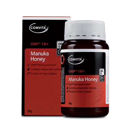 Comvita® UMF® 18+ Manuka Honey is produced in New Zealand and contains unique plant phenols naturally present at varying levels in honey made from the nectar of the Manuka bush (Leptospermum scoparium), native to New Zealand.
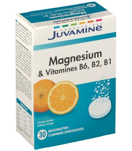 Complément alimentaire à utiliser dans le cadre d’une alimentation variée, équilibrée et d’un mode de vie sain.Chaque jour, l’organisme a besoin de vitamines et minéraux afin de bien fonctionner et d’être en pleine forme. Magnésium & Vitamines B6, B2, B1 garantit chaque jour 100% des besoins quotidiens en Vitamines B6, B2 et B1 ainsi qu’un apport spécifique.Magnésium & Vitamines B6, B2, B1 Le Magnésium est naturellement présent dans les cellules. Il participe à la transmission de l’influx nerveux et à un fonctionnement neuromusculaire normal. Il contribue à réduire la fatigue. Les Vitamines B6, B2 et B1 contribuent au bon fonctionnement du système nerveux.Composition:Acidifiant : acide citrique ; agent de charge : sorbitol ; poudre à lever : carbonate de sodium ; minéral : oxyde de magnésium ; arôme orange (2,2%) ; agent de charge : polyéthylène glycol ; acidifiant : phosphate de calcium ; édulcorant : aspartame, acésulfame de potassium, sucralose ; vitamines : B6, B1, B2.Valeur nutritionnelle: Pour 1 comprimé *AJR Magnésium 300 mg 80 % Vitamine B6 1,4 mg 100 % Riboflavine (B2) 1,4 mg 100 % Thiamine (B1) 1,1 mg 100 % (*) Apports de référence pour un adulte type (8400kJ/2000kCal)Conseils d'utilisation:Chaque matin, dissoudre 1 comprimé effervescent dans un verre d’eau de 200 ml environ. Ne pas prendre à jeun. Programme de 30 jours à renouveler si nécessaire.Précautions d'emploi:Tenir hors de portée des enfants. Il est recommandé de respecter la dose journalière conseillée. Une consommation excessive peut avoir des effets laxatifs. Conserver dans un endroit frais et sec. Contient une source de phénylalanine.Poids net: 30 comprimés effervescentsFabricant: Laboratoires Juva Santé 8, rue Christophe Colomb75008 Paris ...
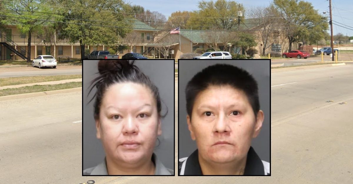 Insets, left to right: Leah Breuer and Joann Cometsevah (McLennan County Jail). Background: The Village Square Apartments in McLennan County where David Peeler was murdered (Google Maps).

::::::::::

#### What the task requires
All that is needed is the data above, repeated exactly, without the pictures.

#### Task answer
 Comvita® UMF® 18+ Manuka Honey is produced in New Zealand and contains unique plant phenols naturally present at varying levels in honey made from the nectar of the Manuka bush (Leptospermum scoparium), native to New Zealand.
 Complément alimentaire à utiliser dans le cadre d’une alimentation variée, équilibrée et d’un mode de vie sain.Chaque jour, l’organisme a besoin de vitamines et minéraux afin de bien fonctionner et d’être en pleine forme. Magnésium & Vitamines B6, B2, B1 garantit chaque jour 100% des besoins quotidiens en Vitamines B6, B2 et B1 ainsi qu’un apport spécifique.Magnésium & Vitamines B6, B2, B1 Le Magnésium est naturellement présent dans les cellules. Il participe à la transmission de l’influx nerveux et à un fonctionnement neuromusculaire normal. Il contribue à réduire la fatigue. Les Vitamines B6, B2 et B1 contribuent au bon fonctionnement du système nerveux.Composition:Acidifiant : acide citrique ; agent de charge : sorbitol ; poudre à lever : carbonate de sodium ; minéral : oxyde de magnésium ; arôme orange (2,2%) ; agent de charge : polyéthylène glycol ; acidifiant : phosphate de calcium ; édulcorant : aspartame, acésulfame de potassium, sucralose ; vitamines : B6, B1, B2.Valeur nutritionnelle: Pour 1 comprimé *AJR Magnésium 300 mg 80 % Vitamine B6 1,4 mg 100 % Riboflavine (B2) 1,4 mg 100 % Thiamine (B1) 1,1 mg 100 % (*) Apports de référence pour un adulte type (8400kJ/2000kCal)Conseils d'utilisation:Chaque matin, dissoudre 1 comprimé effervescent dans un verre d’eau de 200 ml environ. Ne pas prendre à jeun. Programme de 30 jours à renouveler si nécessaire.Précautions d'emploi:Tenir hors de portée des enfants. Il est recommandé de respecter la dose journalière conseillée. Une consommation excessive peut avoir des effets laxatifs. Conserver dans un endroit frais et sec. Contient une source de phénylalanine.Poids net: 30 comprimés effervescentsFabricant: Laboratoires Juva Santé 8, rue Christophe Colomb75008 Paris ...
 Insets, left to right: Leah Breuer and Joann Cometsevah (McLennan County Jail). Background: The Village Square Apartments in McLennan County where David Peeler was murdered (Google Maps).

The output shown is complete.